Among the records below, find the line with "Ένα απλό μπολ" and the line with "وسجل سيف الدين". Set down both and every line between, exactly and with no pictures, but nothing else.

**Dataset extract**
+++++

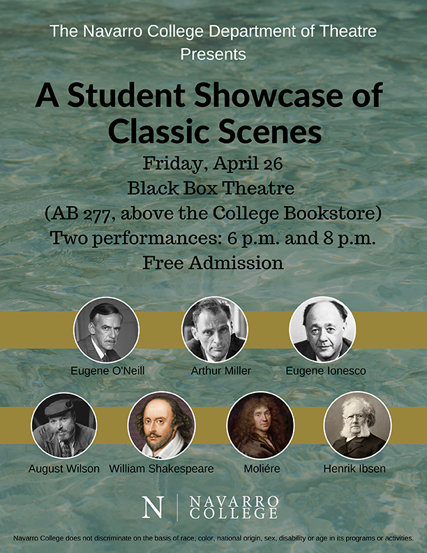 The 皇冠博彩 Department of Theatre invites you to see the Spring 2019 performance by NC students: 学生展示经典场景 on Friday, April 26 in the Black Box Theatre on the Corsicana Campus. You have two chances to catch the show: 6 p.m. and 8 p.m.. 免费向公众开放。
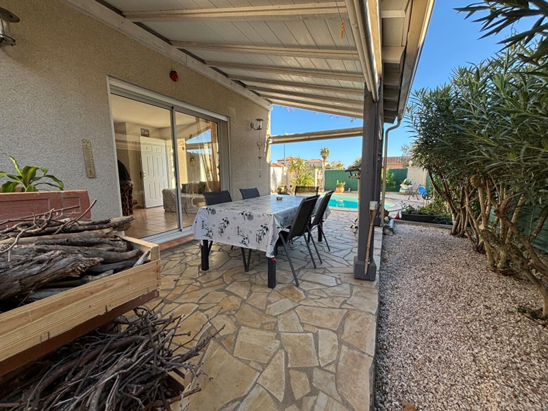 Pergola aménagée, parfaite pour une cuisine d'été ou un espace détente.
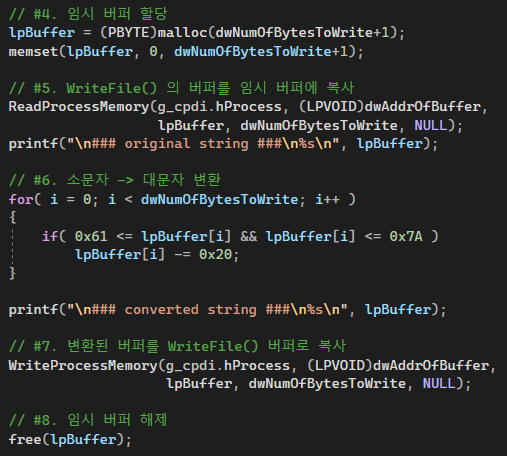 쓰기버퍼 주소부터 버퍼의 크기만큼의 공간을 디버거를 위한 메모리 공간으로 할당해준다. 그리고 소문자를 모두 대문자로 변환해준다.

+++++

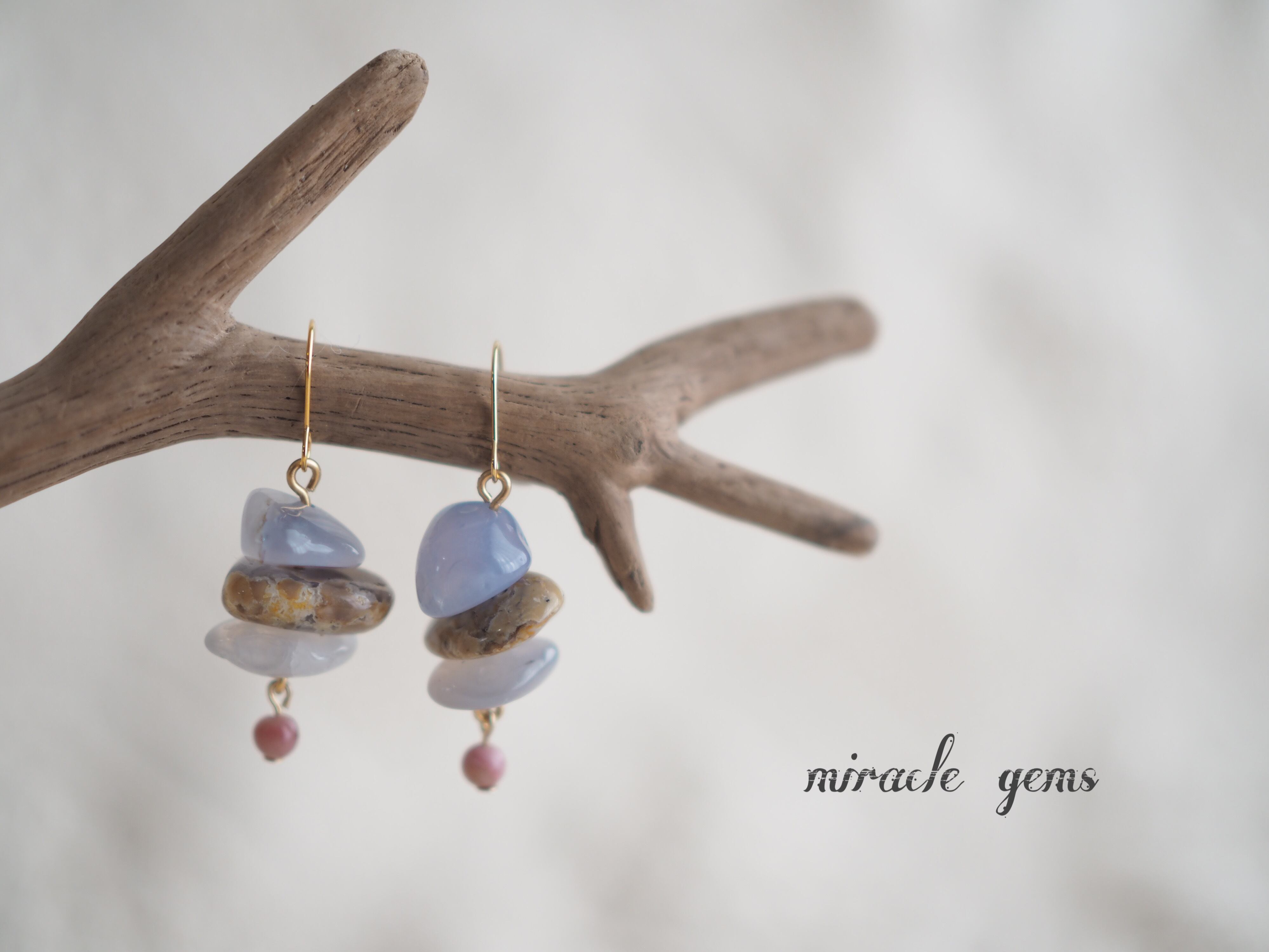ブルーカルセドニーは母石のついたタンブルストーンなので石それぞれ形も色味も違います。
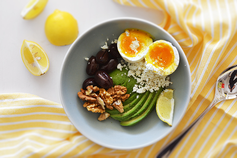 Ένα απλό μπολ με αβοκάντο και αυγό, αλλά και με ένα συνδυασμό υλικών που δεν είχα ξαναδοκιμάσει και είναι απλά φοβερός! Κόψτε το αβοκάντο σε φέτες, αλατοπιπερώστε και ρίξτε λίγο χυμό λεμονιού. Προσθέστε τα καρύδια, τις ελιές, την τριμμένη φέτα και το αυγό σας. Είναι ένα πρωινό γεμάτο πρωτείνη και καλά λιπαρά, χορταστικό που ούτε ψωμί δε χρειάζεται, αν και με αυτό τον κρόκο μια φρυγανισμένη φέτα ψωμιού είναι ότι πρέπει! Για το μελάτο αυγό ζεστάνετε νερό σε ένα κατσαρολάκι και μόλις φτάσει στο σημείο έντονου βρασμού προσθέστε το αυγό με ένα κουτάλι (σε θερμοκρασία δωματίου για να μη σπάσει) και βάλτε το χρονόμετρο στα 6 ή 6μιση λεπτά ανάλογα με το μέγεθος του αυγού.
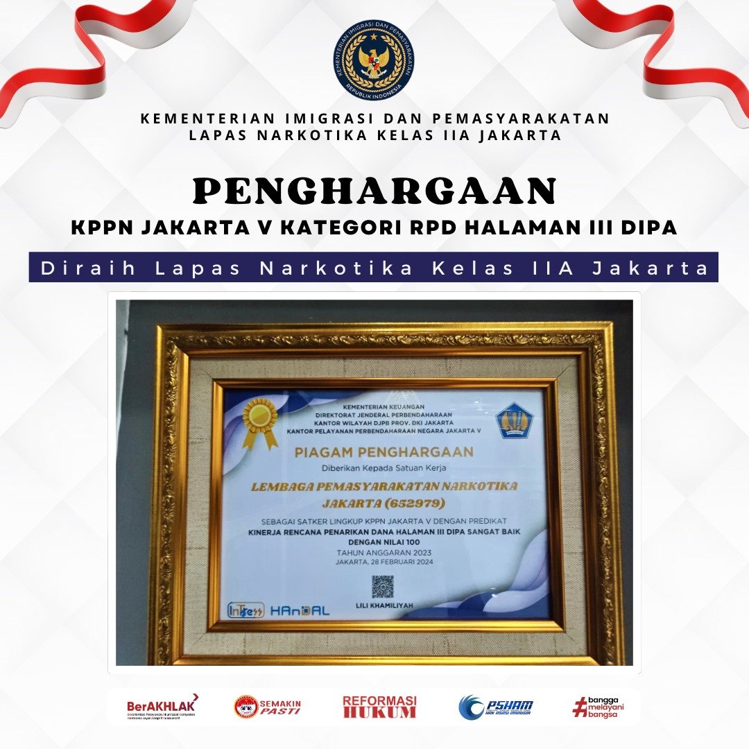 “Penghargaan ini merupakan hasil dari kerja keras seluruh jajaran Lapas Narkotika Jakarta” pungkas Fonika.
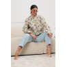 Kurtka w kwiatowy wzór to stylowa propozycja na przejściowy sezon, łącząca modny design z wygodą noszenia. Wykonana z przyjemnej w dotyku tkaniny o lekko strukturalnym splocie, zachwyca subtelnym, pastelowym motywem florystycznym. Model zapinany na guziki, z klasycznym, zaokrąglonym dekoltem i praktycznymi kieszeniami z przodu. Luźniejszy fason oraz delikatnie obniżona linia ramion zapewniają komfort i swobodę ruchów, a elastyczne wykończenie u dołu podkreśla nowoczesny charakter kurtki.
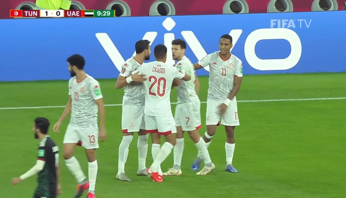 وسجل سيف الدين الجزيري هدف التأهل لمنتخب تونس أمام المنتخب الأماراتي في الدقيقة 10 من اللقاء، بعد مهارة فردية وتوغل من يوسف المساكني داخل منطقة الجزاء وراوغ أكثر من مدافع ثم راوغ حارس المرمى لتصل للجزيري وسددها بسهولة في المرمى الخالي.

+++++

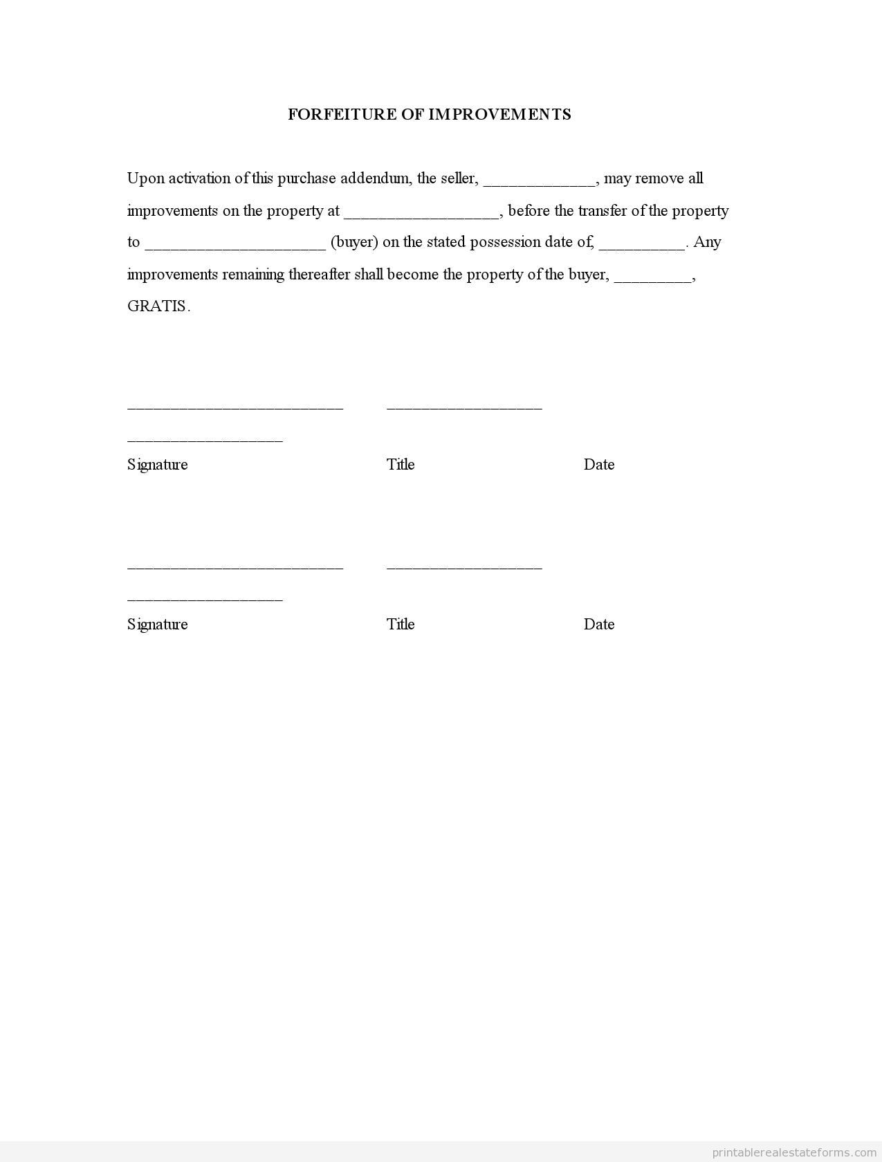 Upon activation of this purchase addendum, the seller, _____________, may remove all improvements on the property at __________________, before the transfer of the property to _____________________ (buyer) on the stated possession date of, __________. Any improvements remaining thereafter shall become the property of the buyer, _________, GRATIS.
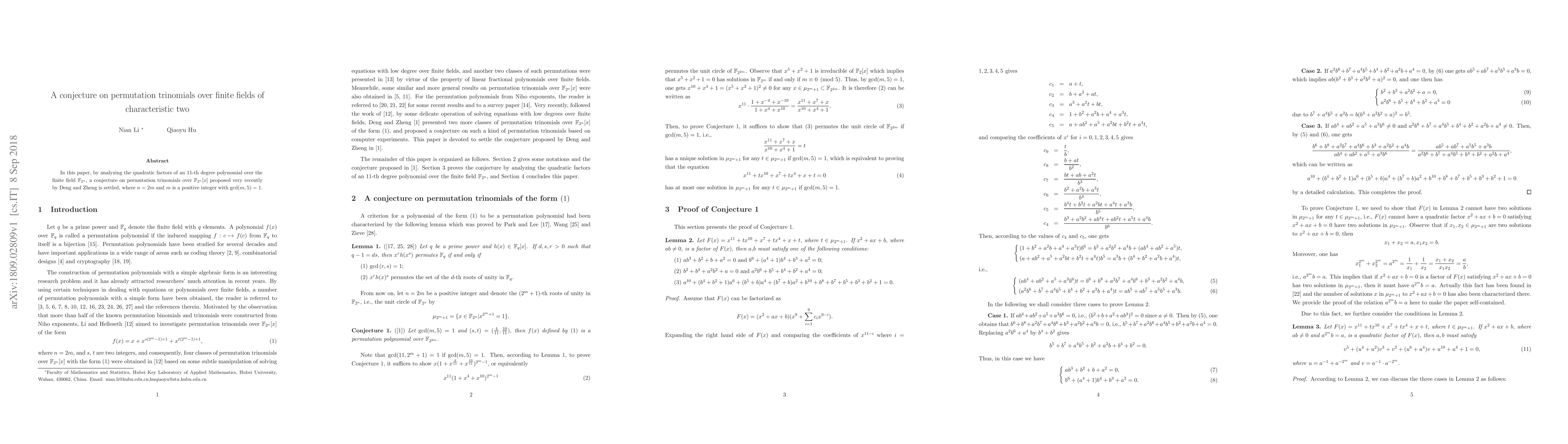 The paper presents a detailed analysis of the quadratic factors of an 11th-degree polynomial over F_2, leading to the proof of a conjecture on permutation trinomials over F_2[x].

+++++

**Task solution**
 Ένα απλό μπολ με αβοκάντο και αυγό, αλλά και με ένα συνδυασμό υλικών που δεν είχα ξαναδοκιμάσει και είναι απλά φοβερός! Κόψτε το αβοκάντο σε φέτες, αλατοπιπερώστε και ρίξτε λίγο χυμό λεμονιού. Προσθέστε τα καρύδια, τις ελιές, την τριμμένη φέτα και το αυγό σας. Είναι ένα πρωινό γεμάτο πρωτείνη και καλά λιπαρά, χορταστικό που ούτε ψωμί δε χρειάζεται, αν και με αυτό τον κρόκο μια φρυγανισμένη φέτα ψωμιού είναι ότι πρέπει! Για το μελάτο αυγό ζεστάνετε νερό σε ένα κατσαρολάκι και μόλις φτάσει στο σημείο έντονου βρασμού προσθέστε το αυγό με ένα κουτάλι (σε θερμοκρασία δωματίου για να μη σπάσει) και βάλτε το χρονόμετρο στα 6 ή 6μιση λεπτά ανάλογα με το μέγεθος του αυγού.
 “Penghargaan ini merupakan hasil dari kerja keras seluruh jajaran Lapas Narkotika Jakarta” pungkas Fonika.
 Kurtka w kwiatowy wzór to stylowa propozycja na przejściowy sezon, łącząca modny design z wygodą noszenia. Wykonana z przyjemnej w dotyku tkaniny o lekko strukturalnym splocie, zachwyca subtelnym, pastelowym motywem florystycznym. Model zapinany na guziki, z klasycznym, zaokrąglonym dekoltem i praktycznymi kieszeniami z przodu. Luźniejszy fason oraz delikatnie obniżona linia ramion zapewniają komfort i swobodę ruchów, a elastyczne wykończenie u dołu podkreśla nowoczesny charakter kurtki.
 وسجل سيف الدين الجزيري هدف التأهل لمنتخب تونس أمام المنتخب الأماراتي في الدقيقة 10 من اللقاء، بعد مهارة فردية وتوغل من يوسف المساكني داخل منطقة الجزاء وراوغ أكثر من مدافع ثم راوغ حارس المرمى لتصل للجزيري وسددها بسهولة في المرمى الخالي.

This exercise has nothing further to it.